Many interesting questions about multivariate data involve association. For example, within the United States, there is a negative association between the amount of money an individual spends on healthcare in a given year and the number of years he survives beyond that year: the more spent on healthcare, the shorter the life expectancy. What does this mean? Could it be true? Does healthcare shorten your life?

Association is a property of two or more variables. In this example, the two variables are the amount an individual spends on healthcare, and the number of additional years the individual survives. Association is not the same as causation: Two variables can be strongly associated but have no causal connection, or can have a causal connection and no discernible association. Concluding that association implies a causal relationship is the post hoc ergo propter hoc fallacy discussed in This chapter presents tools for studying more than one variable at a time, and the relationships among variables, including association.

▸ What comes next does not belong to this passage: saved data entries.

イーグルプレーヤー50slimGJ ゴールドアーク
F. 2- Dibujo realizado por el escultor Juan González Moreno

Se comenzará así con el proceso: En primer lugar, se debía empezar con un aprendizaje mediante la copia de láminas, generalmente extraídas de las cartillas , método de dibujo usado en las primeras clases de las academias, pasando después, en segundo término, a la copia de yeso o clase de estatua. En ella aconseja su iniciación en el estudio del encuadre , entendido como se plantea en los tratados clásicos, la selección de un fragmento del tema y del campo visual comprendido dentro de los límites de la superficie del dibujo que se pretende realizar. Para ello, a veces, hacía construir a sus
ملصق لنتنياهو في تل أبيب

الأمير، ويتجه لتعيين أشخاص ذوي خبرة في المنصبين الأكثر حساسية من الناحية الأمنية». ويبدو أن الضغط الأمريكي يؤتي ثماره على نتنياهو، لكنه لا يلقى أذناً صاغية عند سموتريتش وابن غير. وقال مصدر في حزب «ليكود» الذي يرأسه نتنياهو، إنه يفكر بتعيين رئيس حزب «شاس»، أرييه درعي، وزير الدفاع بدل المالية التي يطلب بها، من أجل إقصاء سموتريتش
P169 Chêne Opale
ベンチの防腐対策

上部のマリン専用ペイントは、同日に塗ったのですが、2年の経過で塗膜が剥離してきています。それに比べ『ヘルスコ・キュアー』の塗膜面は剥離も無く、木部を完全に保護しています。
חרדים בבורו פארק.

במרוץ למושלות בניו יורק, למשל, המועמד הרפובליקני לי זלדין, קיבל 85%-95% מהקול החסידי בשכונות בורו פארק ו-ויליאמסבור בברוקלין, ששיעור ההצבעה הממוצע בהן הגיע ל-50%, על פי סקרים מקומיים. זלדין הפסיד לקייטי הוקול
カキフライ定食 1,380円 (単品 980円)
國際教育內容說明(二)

Association of Pairs of Variables

We augmented measures of location for single variables by measures of spread, and we shall do the same for pairs of variables. A measure of the horizontal spread is the SD of the variable plotted on the horizontal or \(x\) axis. We shall write this as \( SD_X \). Similarly, the \(SD\) of the variable plotted on the vertical or \(y\) axis is a measure of the vertical spread. We'll write this as \( SD_Y \).

The \(SD\) is a measure of the scatter in a list. The typical deviation of the \(x\) coordinate of a point from the mean of the \(x\) coordinates is \( SD_X \). The typical deviation of the \(y\) coordinate of a point from the mean of the y coordinates is \( SD_Y \). We know from Chebychev's inequality that, for example, the \(x\) coordinates of at least 75% of the points will be within \( \pm 2 \times SD_X \) of the \(x\) coordinate of the point of averages, and that the \(y\) coordinates of at least 75% of the points will be within \( \pm 2 \times SD_Y \) of the \(y\) coordinate of the point of averages. However, in narrow ranges of \(x\) (vertical slices), the scatter in \(y\) might typically be smaller than \( SD_Y \), and in narrow ranges of \(y\) (horizontal slices), the scatter in \(x\) might typically be smaller than \( SD_X \). If so, the two variables are associated.

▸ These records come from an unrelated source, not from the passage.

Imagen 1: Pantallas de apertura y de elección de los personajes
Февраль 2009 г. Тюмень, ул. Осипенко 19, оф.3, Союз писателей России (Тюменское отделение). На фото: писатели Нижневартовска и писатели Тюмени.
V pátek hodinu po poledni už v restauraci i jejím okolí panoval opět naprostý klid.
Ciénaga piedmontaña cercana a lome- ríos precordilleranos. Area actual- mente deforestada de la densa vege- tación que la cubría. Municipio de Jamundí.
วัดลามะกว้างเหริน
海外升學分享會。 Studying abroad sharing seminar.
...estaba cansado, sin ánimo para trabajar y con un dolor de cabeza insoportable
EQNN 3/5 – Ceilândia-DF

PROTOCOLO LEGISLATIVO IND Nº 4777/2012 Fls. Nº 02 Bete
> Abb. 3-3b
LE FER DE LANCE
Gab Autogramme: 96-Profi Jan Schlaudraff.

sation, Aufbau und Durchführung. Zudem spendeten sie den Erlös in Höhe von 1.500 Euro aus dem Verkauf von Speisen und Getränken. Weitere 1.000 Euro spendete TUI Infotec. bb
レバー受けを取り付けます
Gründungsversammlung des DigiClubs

If individuals with larger than average values of one variable tend to have larger than average values of the other, and individuals with smaller than average values of one variable tend to have smaller than average values of the other, the scatter of the values of \(Y\) in vertical slices through the scatterplot will be smaller than \( SD_Y \). Such a scatterplot shows positive association. If individuals with larger than average values of one variable tend to have smaller than average values of the other, and individuals with smaller than average values of one variable tend have larger than average values of the other, the scatter of the values of \(Y\) in vertical slices through the scatterplot also will be smaller than \( SD_Y \); this is called negative association. Positive and negative associations are examples of linear association; variables can be associated nonlinearly as well.

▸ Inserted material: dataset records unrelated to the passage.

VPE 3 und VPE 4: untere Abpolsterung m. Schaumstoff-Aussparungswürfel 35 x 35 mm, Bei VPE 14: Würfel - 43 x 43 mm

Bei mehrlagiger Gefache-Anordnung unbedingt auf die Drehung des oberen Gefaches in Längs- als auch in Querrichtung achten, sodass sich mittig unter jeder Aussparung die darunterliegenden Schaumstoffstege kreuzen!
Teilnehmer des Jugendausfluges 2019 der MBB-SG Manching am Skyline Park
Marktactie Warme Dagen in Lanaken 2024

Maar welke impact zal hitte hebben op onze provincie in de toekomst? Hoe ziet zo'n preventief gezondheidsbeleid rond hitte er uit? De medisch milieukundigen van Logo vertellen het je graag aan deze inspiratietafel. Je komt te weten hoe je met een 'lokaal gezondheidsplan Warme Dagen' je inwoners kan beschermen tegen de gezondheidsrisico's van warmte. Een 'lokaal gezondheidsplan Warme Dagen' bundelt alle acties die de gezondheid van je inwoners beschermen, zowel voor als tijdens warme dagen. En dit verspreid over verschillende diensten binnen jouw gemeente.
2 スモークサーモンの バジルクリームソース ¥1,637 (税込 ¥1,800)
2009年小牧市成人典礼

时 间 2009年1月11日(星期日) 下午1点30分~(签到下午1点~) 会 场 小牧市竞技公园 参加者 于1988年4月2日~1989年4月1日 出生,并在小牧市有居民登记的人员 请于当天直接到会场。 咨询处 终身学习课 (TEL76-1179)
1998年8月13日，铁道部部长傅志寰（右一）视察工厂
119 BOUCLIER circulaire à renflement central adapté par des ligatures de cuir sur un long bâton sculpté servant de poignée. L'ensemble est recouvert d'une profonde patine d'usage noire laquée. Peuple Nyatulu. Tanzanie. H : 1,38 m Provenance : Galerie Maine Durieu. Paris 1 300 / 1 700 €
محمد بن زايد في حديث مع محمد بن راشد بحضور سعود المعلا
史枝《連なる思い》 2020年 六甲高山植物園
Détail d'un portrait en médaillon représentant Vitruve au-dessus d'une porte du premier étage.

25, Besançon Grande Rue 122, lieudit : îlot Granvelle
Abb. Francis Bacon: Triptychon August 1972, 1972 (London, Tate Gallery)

is the scatterplot of the GMAT data again, but this time with four new lines: two vertical lines at the mean value of \(X\), plus and minus the \(SD\) of \(X\), the variable plotted on the horizontal axis; \( SD_X \), and two horizontal lines at the mean value of \(Y\), plus and minus the \(SD\) of \(Y\), the variable plotted on the vertical axis. There is also a new button, labeled "No SDs." Click the button. The label will change to "SDs," and the lines will go away. Buttons on figures in this book usually say what will happen when you click them. If the figure does not show the scatterplot of Verbal GMAT versus Quantitative GMAT, change the variables using the drop-down menus at the top of the figure.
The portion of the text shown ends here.